Alicja jest pierwszym dzieckiem w Polsce, któremu przeszczepiono organ od zagranicznego dawcy. Ta kruszynka ma 7 lat i większość swego życia spędziła w szpitalach. Już niedługo opuści mury Śląskiego Centrum Chorób Serca w Zabrzu, gdzie dostała nowe życie.
Alicja pochodzi z Grudziądza, gdy miała półtora roku, zachorowała na zapalenie oskrzeli. Potem okazało się, że dziewczynka cierpi na kardiomiopatię restrykcyjną z nadciśnieniem płucnym.
Całe życie w szpitalach
Od 4. roku życia maleńka czekała na swoje serduszko. Najpierw okazało się, że będzie musiała mieć przeszczep serca i płuc. To był bardzo ciężki czas dla dziewczynki i całej rodziny. Alicja bardzo się męczyła, o jakimkolwiek wysiłku nie było mowy.
Nowe życie na Dzień Matki
— To było nasze drugie podejście do nowego życia. W marcu br. było już bardzo blisko do przeszczepu, ale wtedy jednak ostatecznie się nie udało. W szpitalu zrobiono jej cewnikowanie serduszka i okazało się, że jej płuca są w dobrym stanie i przynajmniej ich nie trzeba przeszczepiać — mówi Tatiana Kosińska-Sumara, mama Alicji.

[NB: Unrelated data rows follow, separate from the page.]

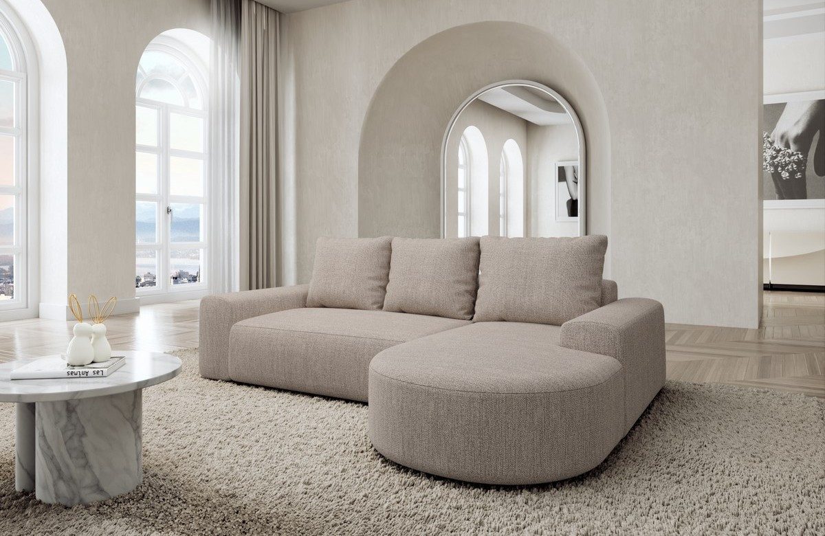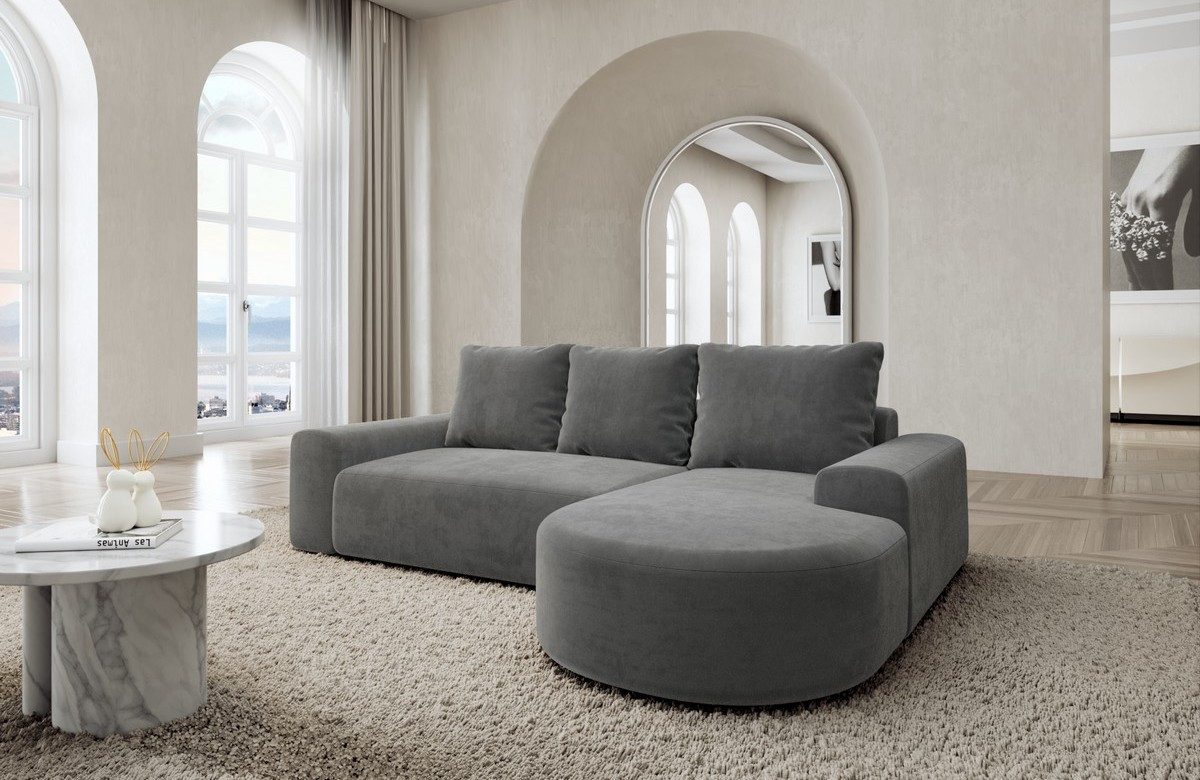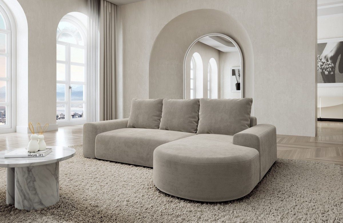 Das Ecksofa Gomera vereint stilvolles Design mit herausragendem Komfort. Dank seiner kompakten L-kurz Form passt es ideal in jedes Wohnzimmer und bietet eine großzügige Sitzfläche mit gemütlicher Ottomane. Perfekt für entspannte Stunden mit Familie und Freunden.
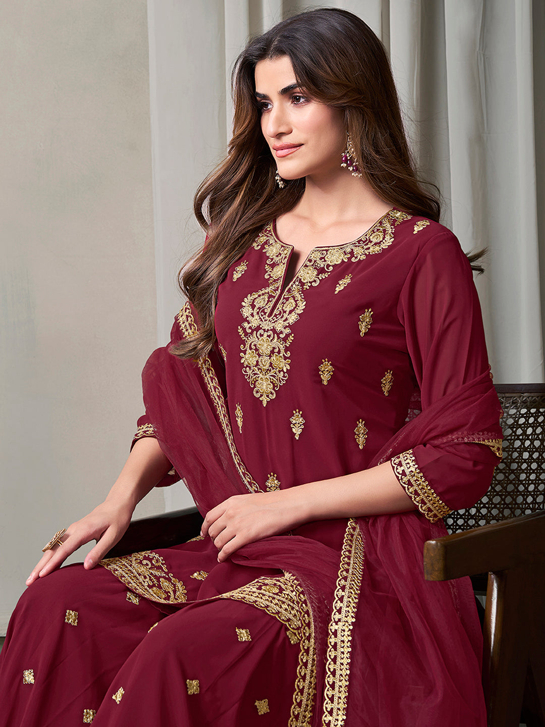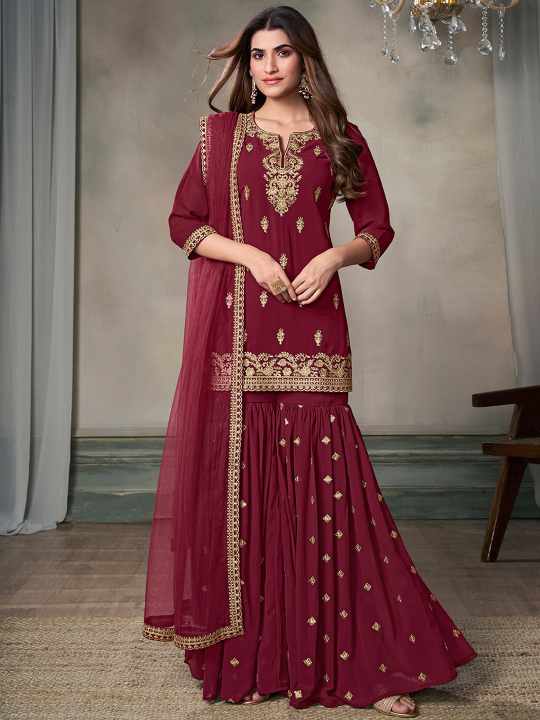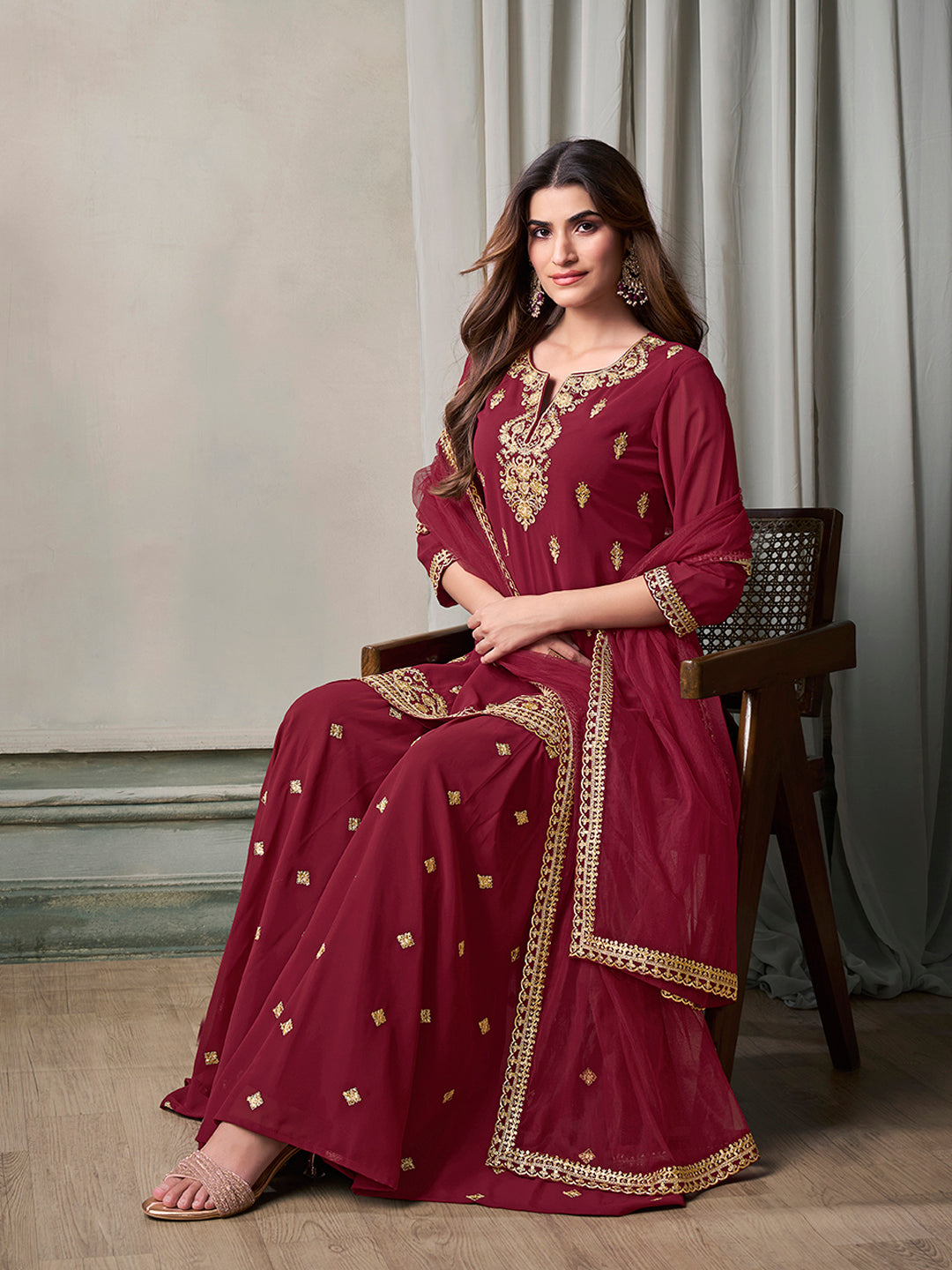 Achieve effortless elegance with our Women Floral Embroidered Kurta, Sharara, and Dupatta set. The maroon kurta features delicate floral embroidery and a round neck, while the sharara boasts an embroidered design with a partially elasticated waistband for comfortable wear. Made with high-quality georgette and net fabrics, this set is perfect for any occasion.
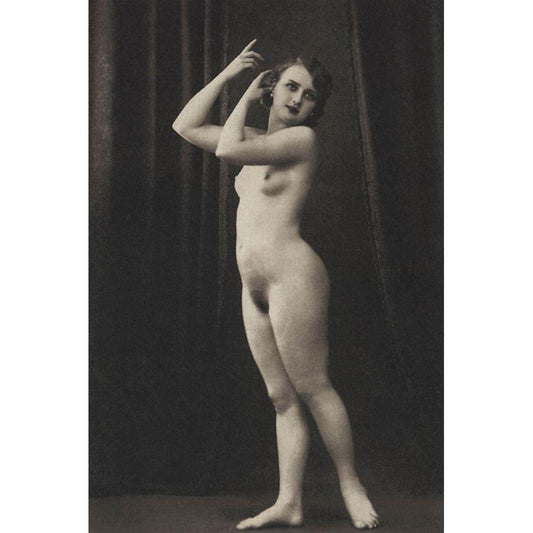 Nude in Drapery White Modern Wood Framed Art Print by Vintage Nudes
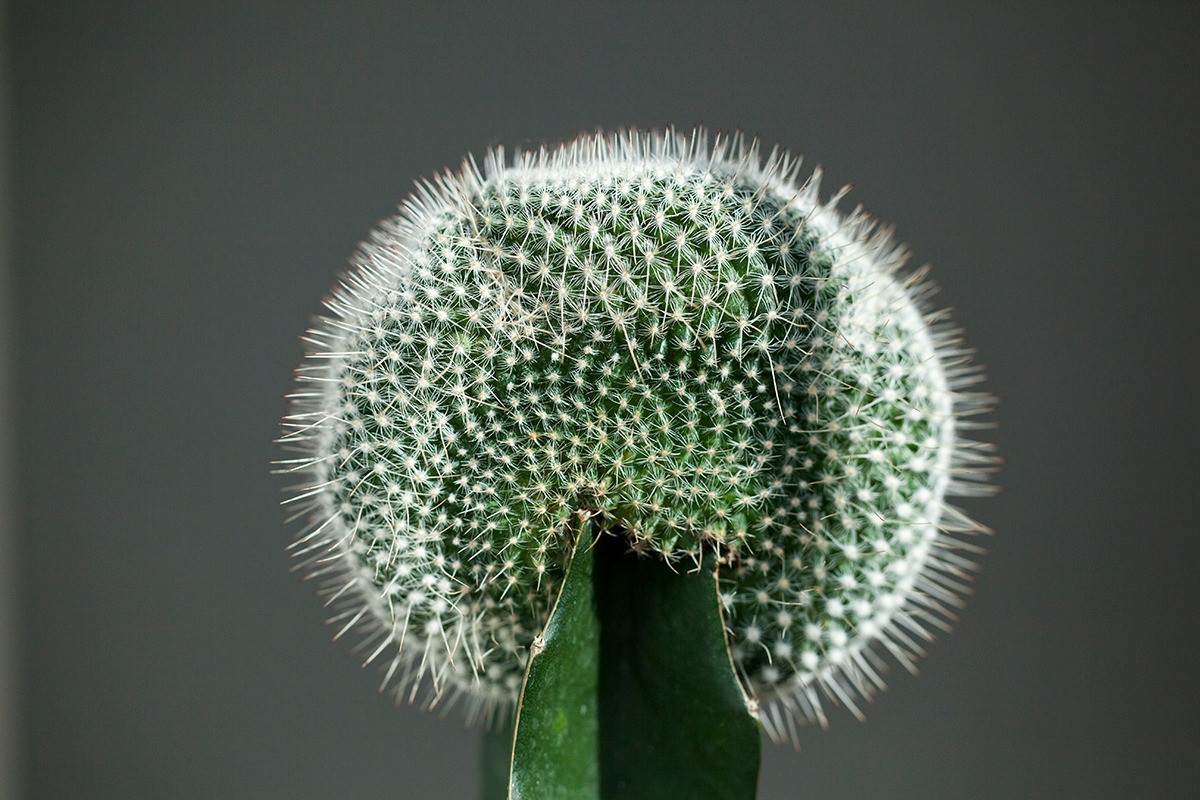 사진 속 선인장도 밍크 선인장처럼 접목과 철화 기술이 모두 동원된 식물입니다. 철화가 일어난 소정 선인장(Parodia scopa ‘Inermis Cristata’)과 삼각주 선인장(Selenicereus triangularis)이 절묘하게 접목되어 있지요. 소정 선인장은 구불구불한 모양으로 철화가 이루어진 것이 아니라 독특하게도 동그랗게 모양이 변했습니다. 접목 선인장의 얼굴이 되어줄 딱 맞는 소정을 고르는 안목과 두 선인장의 생명을 홀로 책임질 튼튼한 삼각주에 안전하게 둘을 접목시키는 기술이 필요합니다. 위, 아래 선인장의 크기와 모양의 조화도 굉장히 중요하죠. 그리고 나머지 마법은 식물에게 달려 있습니다. 이 모든 일은 아무리 기술력이 좋아도 생명을 가진 식물들의 힘을 빌리지 않고서는 일어날 수 없는 일입니다. 멋진 모양의 접목 또는 철화 선인장을 만나려면 최고의 기술과 함께 행운도 따라주어야 하지요. 어떻게 보면 인간과 자연이 힘을 합쳐 만들어낸 결과이기도 합니다. 접목과 철화로 특별한 모양을 갖게 된 식물들을 보면 원하는 식물의 형태를 만들기 위해 온갖 기술을 동원하는 인간으로서의 미안함과 그런 인간의 자극에도 적응해 강한 생명을 이어가는 식물에 대한 경이감이 함께 듭니다.

Wiadomość, że w Czechach jest dawca dla Alicji, przyszła 25 maja br. — Jechałyśmy akurat na zakupy, gdy zadzwonili z kliniki w Zabrzu. To była wielka radość. Następnego dnia, 26 maja moja córeczka dostała nowe serce. To był najpiękniejszy prezent na Dzień Matki. Będziemy ten dzień świętować jako jej drugi dzień urodzin — dodaje mama dziewczynki.